一排长和二排长明显地关系大不如前了,由以前的表面上过得去到了谁也不搭理谁了,原因是工作组走后就有了风声,说是二排长要担任副连长。一排长心里就有了气,想副连长这个职务是主管后勤的,优先也应该优先我这个种菜的排长吧,你捐款的排长要当副指导员还能说过去,你跟我抢什么呀!所以一排长见了二排长就是把头一仰过去了,二排长就在心里说:“哼,看我当上副连长,我叫你再给我把脑袋抬高一些。”
郝建家排里的班长、战士知道了这个风声就为郝建家鸣不平了,纷纷说靠收集大家的钱捐款做副连长算什么本事,要是当了指导员,我们就要喝西北风了,脱了裤衩卖钱救助灾区算了。郝建家那天对排里的战士说:“捐款也不是不可以,灾区其实更需要救助,我们的家乡谁也说不上会出事,依靠的就是国家和老百姓救助。”
郝建家说了这句话不久,Y省就发生了大地震,连队的好多战士就是那个地震区的,郝建家自己给连队捐了500元,这次救助是军里组织的,这批第二年的兵基本上来自Y省灾区。
连长和郝建家都受了伤了,郝建家小腿上的肌肉被坍塌的木头柱子上的铁钉划了一条深深的口子,连长的脚背被砸骨折了。
连队有个大棚,很陈旧了,摇摇欲坠地破败着,团里就让连队先拆除了再说。那天拆大棚的时候,连长安排排长和班长跟上自己拆除大棚的顶子和墙壁,指导员和其他的战士们清理垃圾,连长说拆除的工作危险,必须要有经验的老同志来,他第一个上了大棚的顶子,大棚是老式的,土木结构,顶子上是笨重的松木柱子搭的,那松木柱子早已经糟朽了,连长上去拆了几根,就被二排长换了下来,二排长那天站在大棚顶上很威武地用脚踩那些已经朽了的柱子,那些柱子就一根一根地掉了下来,连长在下边笑着看,然而危险的情况就发生了,连长的头顶是一根最粗的柱子,由于震动,那根最粗的柱子忽然就和伏在柱子上的木板、泥皮一起向连长的头上砸落了下来,一排长正好站在连长身边,一看就发出一声喊:“快躲开”,然后就躲开了,连长一慌张,被脚下的土疙瘩绊了一跤,那粗重的柱子就朝连长的身上砸了下来,几块瓦片已经先掉在他的身上了,连长已经慌了,其他的人也慌了,郝建家就在距离连长两米处,看那情景就想都没有想,立马往前跨了一步,飞起一脚踹在了那根柱子上,柱子被踹得斜了一下,郝建家就顺势拉了连长起来,柱子的全身没有落在连长的身上,最后掉下来的那头却砸在了连长的脚上,连长一声惨叫就蹲下了。
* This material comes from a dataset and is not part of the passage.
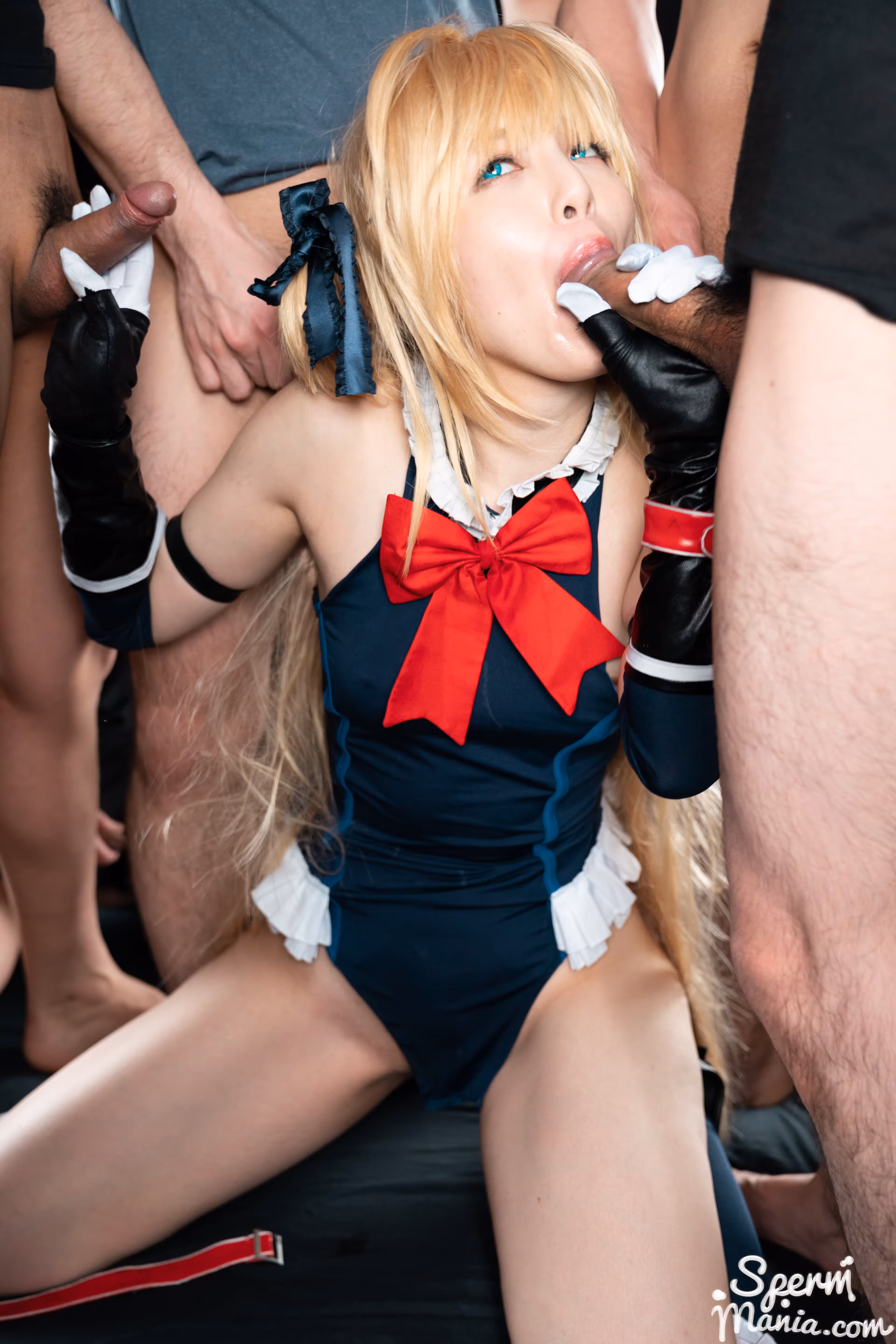 Mari 被 8 个男人轮奸,直到他们都射进她的阴户里。

郝建家小腿上的肌肉几乎翻开大约三寸长,裤子也撕开了一条口子,那是他踹那根柱子的时候用力太猛,被柱子上的铁钉剐了,连长和郝建家一起住院了。指导员挨了一顿骂,是团长骂的,团长骂他们干工作不讲安全,没有一点安全意识,最后团长骂道:“所有的干部骨干全部呆在了最危险的地方,要是打仗你们是想被一锅端吗?”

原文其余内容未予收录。